When you look at the recent spate of losses the bulk of the glaring errors are coming from many of the younger kids. Last night it was a miscommunication/read with Dermott and Matthews. A few other recent losses are ill-advised pinches from Rielly. There was that atrociously soft play where Marner was lazy and got stripped of the puck right beside his own net. Gardiner has had a few of those brain-cramps recently. And Borgman.

That's not to say that the vets don't screw up too, but part of the Babcock methodology is to hammer those responsibilities into people and make them play a system over and over and over again until it's so second nature that it covers off the vast majority of those close situational reads and drastically reduces goals against. That seems to be what he's preaching and insisting on and perhaps once they're really got his system down he'll relax the reins a bit.

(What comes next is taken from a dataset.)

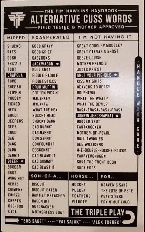 Alternative Cuss Words When you just can’t say the real thing! Via pinterest Share this: Share on Facebook (Opens in new window) Facebook Share on X (Opens in new window) X Print (Opens in new window) Print Share on Tumblr (Opens in new window) Tumblr Email a link to a friend (Opens in new window) Email Like Loading... Related Communicate itFunReference
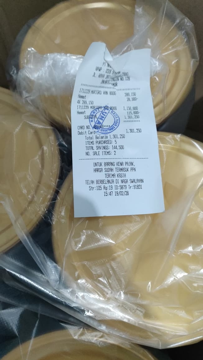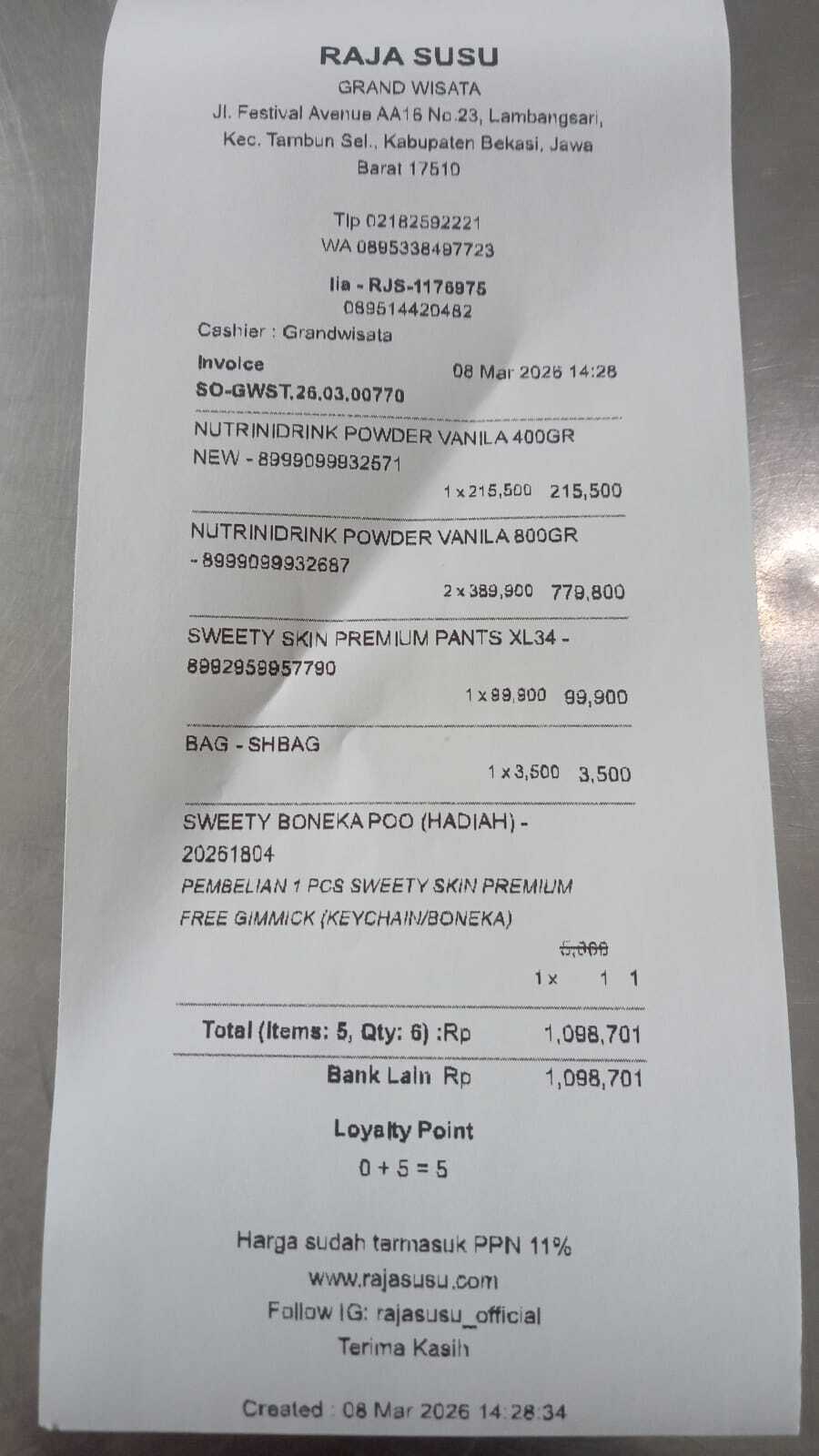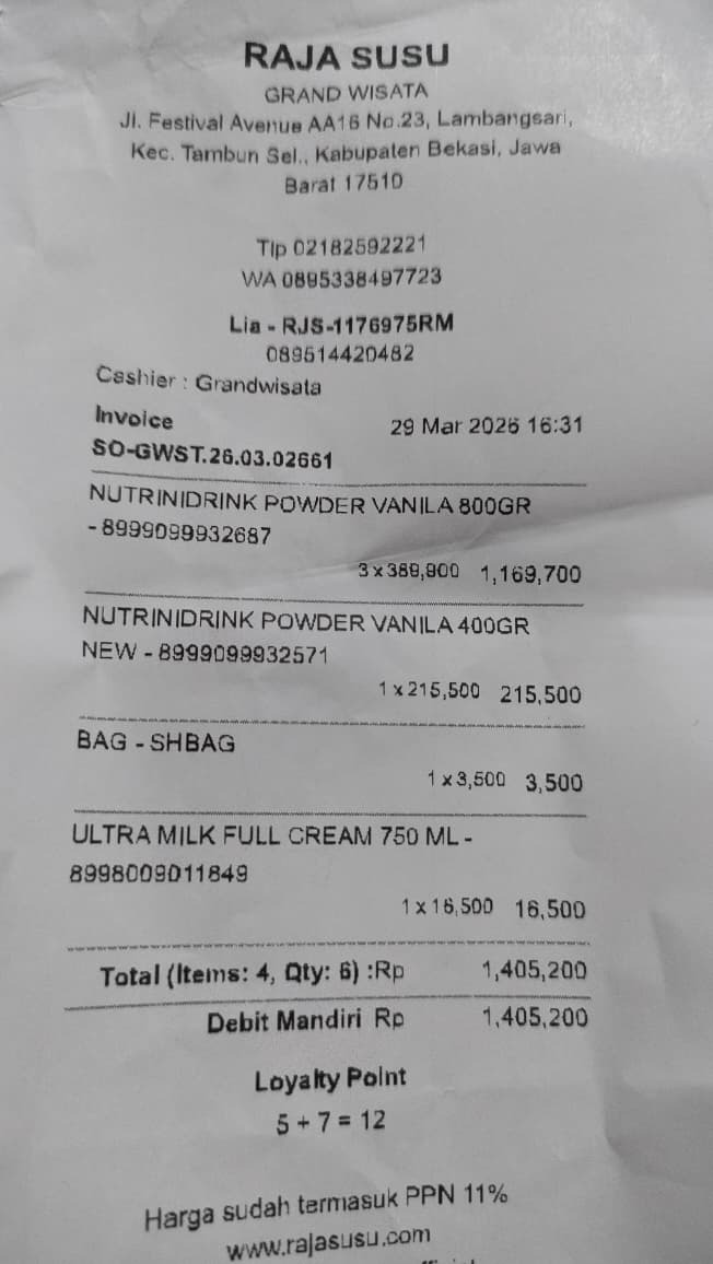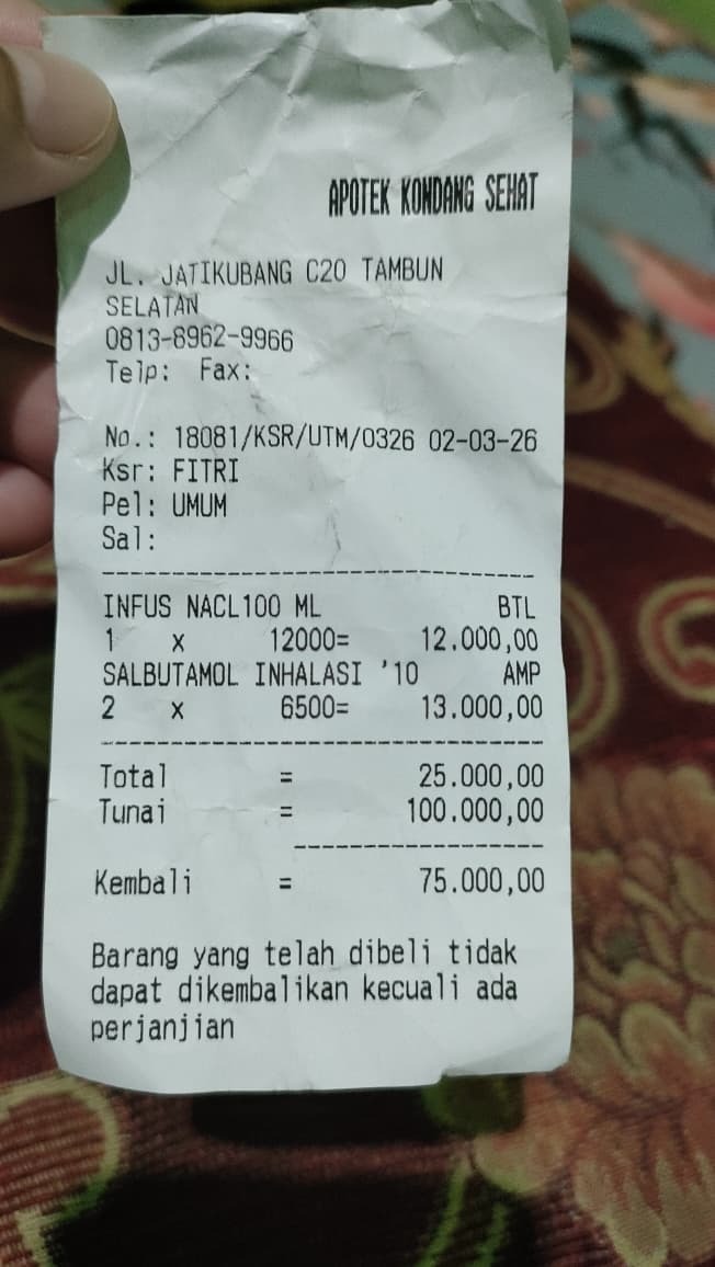 Dana digunakan untuk 1. Susu Nutrinidrink Rp.420.000x3 kaleng = Rp1.260.000 2. Tisu basah 12.000 x 4 = Rp48.000 3. Pampers makuku slim ukuran xl Rp65.000 x 2 = Rp130.000 4. Tisu kering Rp11.000x4 pak = Rp44.0002026-03-30 11:56:50

It's really hard to fathom some of his lineup decisions and icetime allotments but I'm pretty sure there's a method to his madness. I also think that there are enough other minds around that if he was doing something really "wrong" he would be clamped down upon by Lou or Shannahan...while he has a big voice in things, I don't think he has carte blanche with the team. If he doesn't have the support of at least senior management it doesn't happen. Maybe they're wrong, but there's a lot of experienced people involved in those decisions.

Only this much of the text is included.